The PRIME study was a prospective five-year cohort study of 9,133 French and Northern Irish men who were between the ages of 50-59 at the start of the study, had no history of coronary heart disease and were not on any lipid lowering drug therapy. On entry in the study, the Lp(a) was measured along with other traditional laboratory cardiovascular risk factors such as LDL and HDL cholesterol, and triglycerides. Previous comparisons of different studies looking at the relationship of Lp(a) and CHD were inconsistent due to various procedures for determining plasma Lp(a) and the absence of standardization of Lp(a) measurement.
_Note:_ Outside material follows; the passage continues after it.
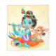 Krishna the Holy Indian God playing flute illustration sitting next to a cow with jasmine garlands, peacock feather and bird composed art.

In the study, the measurements of Lp(a) were all performed in the same laboratory with fresh plasma. The authors reported the association between Lp(a) and CHD to be independent of other risk factors but that there was also a significant interaction between high levels of Lp(a) and increasing LDL-cholesterol.
The study results concluded that Lp(a) was significant in predicting increased risk of myocardial infarction and angina pectoris (Luc 2002).
The Atherosclerosis Risk in the Communities (ARIC) Study reported a follow-up after ten years in which 725 coronary heart disease (CHD) events occurred in 12,339 middle-aged participants who were initially identified as free of CHD.